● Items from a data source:

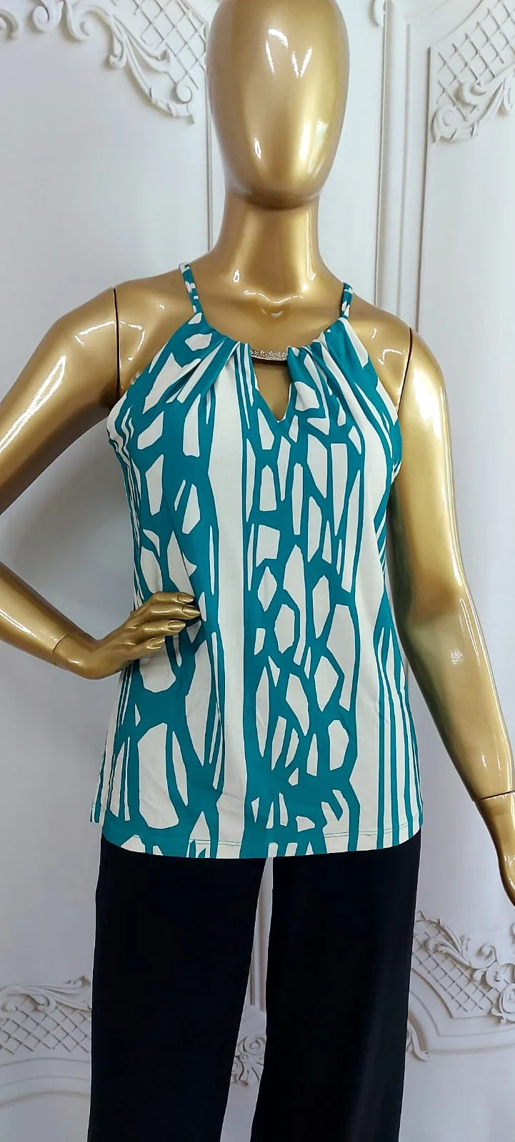 O design é marcado pela estampa exclusiva de inspiração geométrica. O padrão vibrante e moderno combina o frescor do Verde Esmeralda com a luminosidade do Off-White, criando um contraste visual harmonioso e sofisticado. O modelo é um elegante halter (frente única) com alças finas que se encontram no pescoço, e uma gola levemente franzida que adiciona textura e suavidade ao decote.
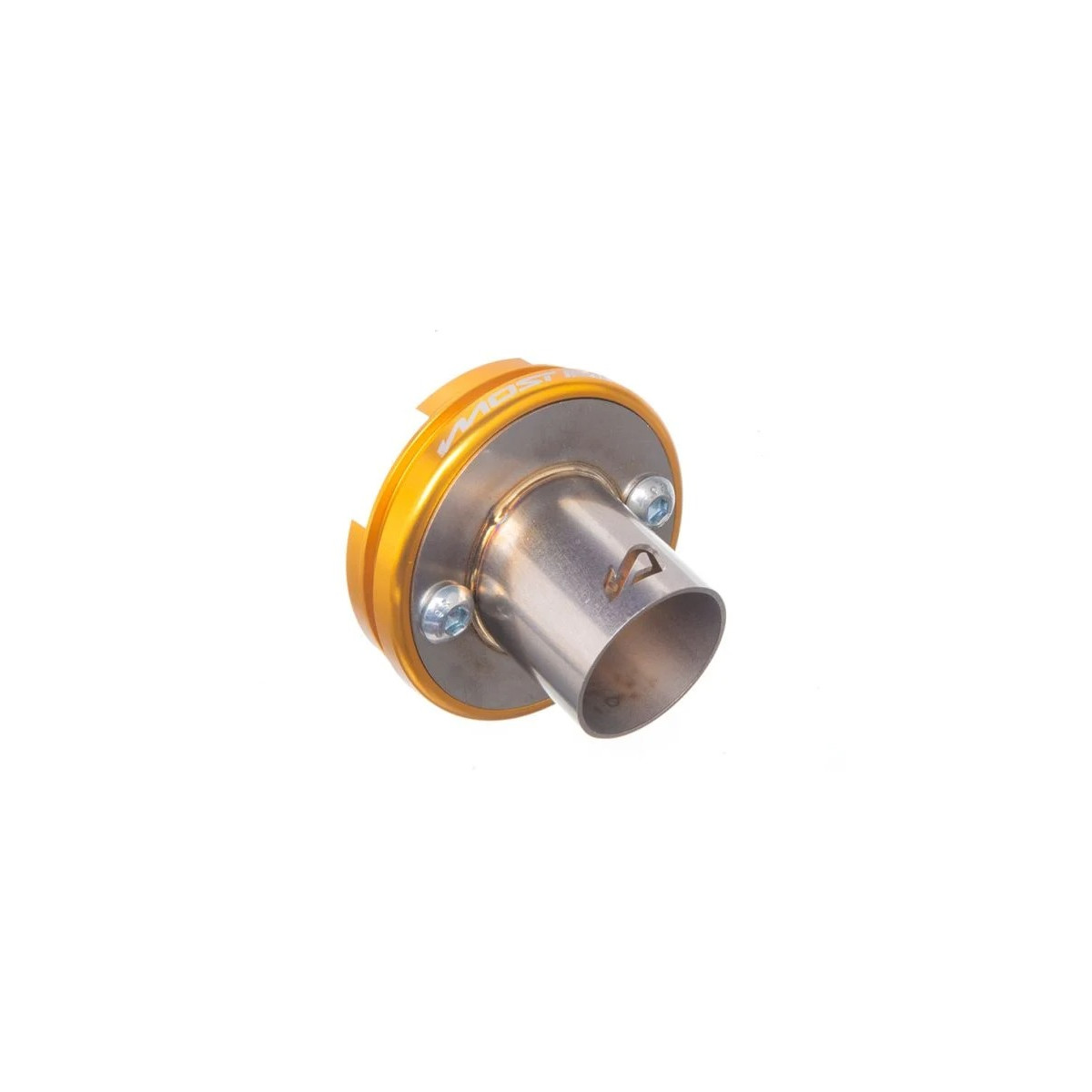 ✨ Dale un toque racing y brillante a tu silenciador MOST con esta cápsula de salida M2 en aluminio CNC color oro.
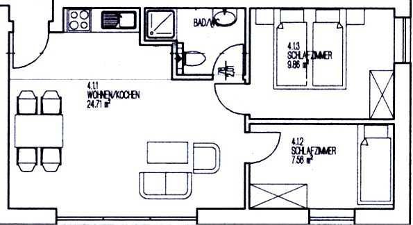 Wohnfläche 45 m²
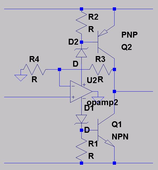 @ einer (Gast): ???? Ich möchte ja nicht den Op-Amp "nur" von der (zu) hohen Versorgungsspannung schützen; ich möchte die gesamte Spannungsamplitude, die von der Versorgungsspannung zur Verfügung gestellt wird, mit den Endtransistoren "nutzen". Und das gelingt doch mit den Zenerdioden nicht, da die Emitterspannung von Q1 und Q2 nicht über die Zenerdiodenspannung "hinauskommet" (Emitterfolger).
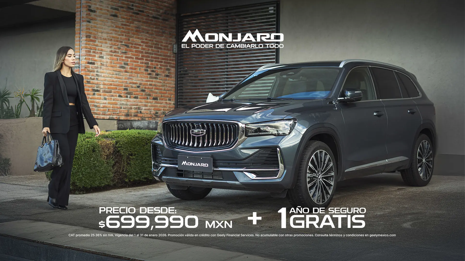 El año de seguro gratis aplica únicamente para el modelo Monjaro 2026 en su versión GF, en operaciones de crédito a través de Geely Financial Services (BBVA). Válido solo con aseguradoras participantes. Consulta especificaciones y condiciones con tu Distribuidor autorizado Geely. Al finalizar el periodo del seguro gratis, el cliente deberá contratar un seguro conforme a lo señalado en su contrato de crédito.
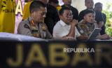 Direktur Ditreskrimsus Polda Jabar Kombes Pol Arif Rachman (tengah) didampingi Kabid Humas Polda Jabar Kombes Pol Ibrahim Tompo (kiri) memberikan keterangan pers saat ekspose pengungkapan kasus jual tanah aset desa di Mapolda Jabar, Jalan Soekarno Hatta, Kota Bandung, Kamis (5/1/2023). Direktorat Reserse Kriminal Khusus (Ditreskrimsus) Polda Jabar berhasil mengungkap kasus penjualan tanah aset desa seluas 4,7 hektare di Desa Cibogo, Kabupaten Bandung Barat dan mengamankan empat orang tersangka yakni MS selaku mantan Kepala Desa (Kades) Cibogo, AS selaku Kades Cibogo, AY Sekretaris Desa Cibogo, DSH selaku pihak ahli waris fiktif. Kasus tersebut merugikan negara sebesar Rp30 miliar. (FOTO : ABDAN SYAKURA/REPUBLIKA)
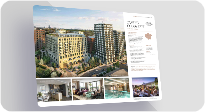 60 | PORTFOLIO 2024 GREATER LONDON DEVELOPMENTS PORTFOLIO 2024 GREATER LONDON DEVELOPMENTS | 61 CAMDEN GOODS YARD Camden, NW1 – St George A NEW RESIDENTIAL DISTRICT IN NW1 26 Welcome to Camden Goods Yard, a remarkable 8 acre destination nestled in the heart of this renowned North London neighbourhood. This exceptional development seamlessly combines the dynamic energy of Camden, the elegance of Primrose Hill and the tranquillity of Regent’s Park. HIGHLIGHTS AVAILABILITY – Perfectly situated in zone 2 with excellent travel Manhattan, 1, 2 and 3 connections from Chalk Farm and Camden bedroom apartments. Town stations (a 10 minute* walk away) Prices from £725,000 – Carefully curated interiors by world-renowned CONTACT designer Tara Bernerd & Partners 020 3642 4275 – An impressive range of residents’ facilities: www.camdengoodsyard.co.uk concierge, residents’ lounge, business centre and three luxurious screening rooms – Exclusive wellness suite with indoor swimming pool, sauna, steam room and gym – Camden’s first rooftop farm-to-fork restaurant – New urban supermarket and diverse range of commercial workspaces KEY FACT As part of the Camden Goods Yard masterplan, a new rooftop urban farm is anticipated to open in 2025. Featuring circa 5,759 sq ft.** of growing space, the produce will be cultivated for the on-site farm-to-fork restaurant. A TRULY EXCITING PLACE TO LIVE KITCHEN DINING ROOM LIVING ROOM SWIMMING POOL ROOFTOP URBAN FARM *Journey and distances times are approximate only. Sources: tfl.co.uk and Google Maps. **Subject to planning permission. Computer-generated images and photography are indicative only.
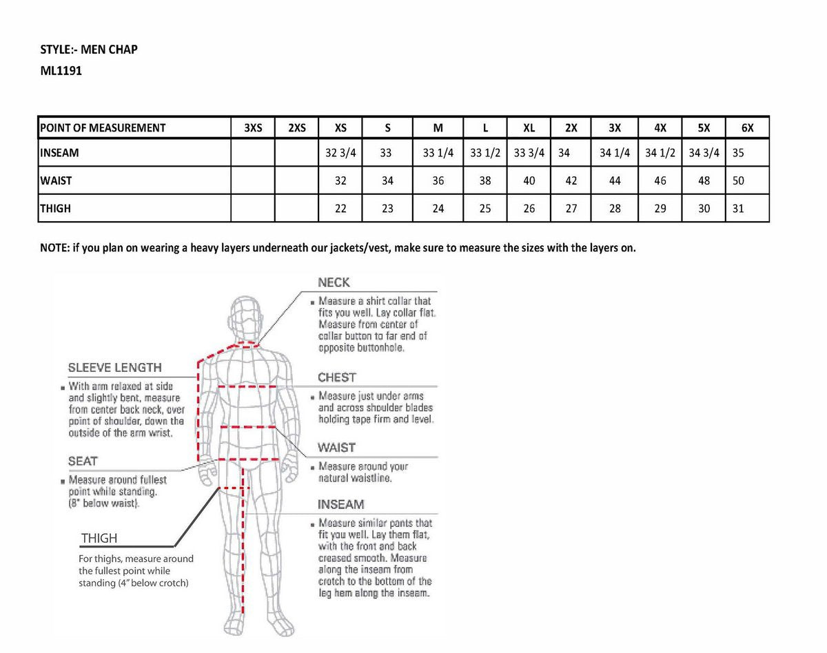 Milwaukee Leather ML1103 Men's Black Slash Pocket Chap with Thermal Liner
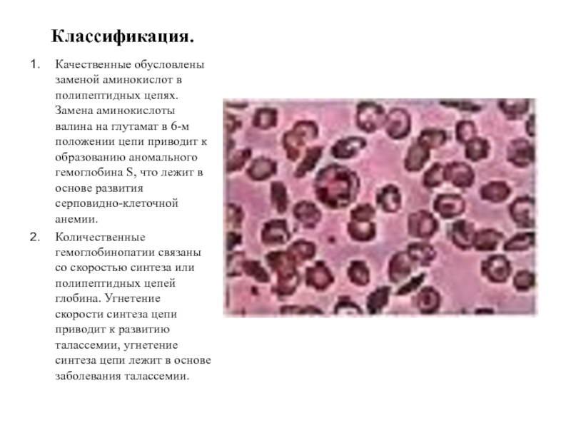 Гемоглобинопатии классифицируются на качественные и количественные.
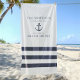 Nautical beach towel features a coastal style boat anchor and stripes design. Personalise the custom text with a family last name and beach house (or other title) with the year established and location. Hale navy blue and sea salt colour scheme.
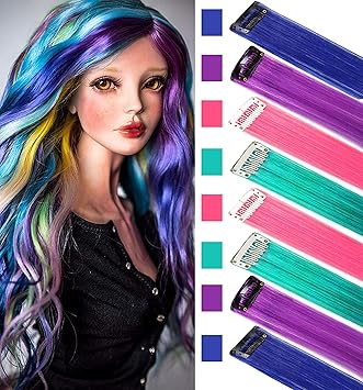 Fuente : peinandonubes.com 2255cm Extensiones De Cabello Clip Mechas De Colores Fantasía 10 Tirasset Pelo Sintético Natural Para Niñas Muñecas Postizos Pelucas Accesorios
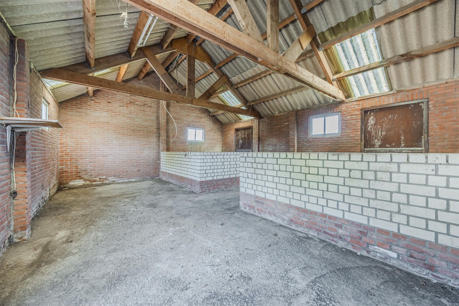 De woning beschikt over een grote schuur/garage met elektrische overheaddeur. Daarnaast bevindt zich achter de woning een ruime loods, eveneens voorzien van een elektrische overheaddeur. Op het terrein is een bovendien een stenen schuur waarin twee paardenstallen zijn gerealiseerd.

● WHAT TO DO: From the line containing "Fuente : peinandonubes.com" to the end of the data above, give those lines again verbatim, with both endpoints included and no images.

● OUTPUT FOR THIS TASK:
 Fuente : peinandonubes.com 2255cm Extensiones De Cabello Clip Mechas De Colores Fantasía 10 Tirasset Pelo Sintético Natural Para Niñas Muñecas Postizos Pelucas Accesorios
 De woning beschikt over een grote schuur/garage met elektrische overheaddeur. Daarnaast bevindt zich achter de woning een ruime loods, eveneens voorzien van een elektrische overheaddeur. Op het terrein is een bovendien een stenen schuur waarin twee paardenstallen zijn gerealiseerd.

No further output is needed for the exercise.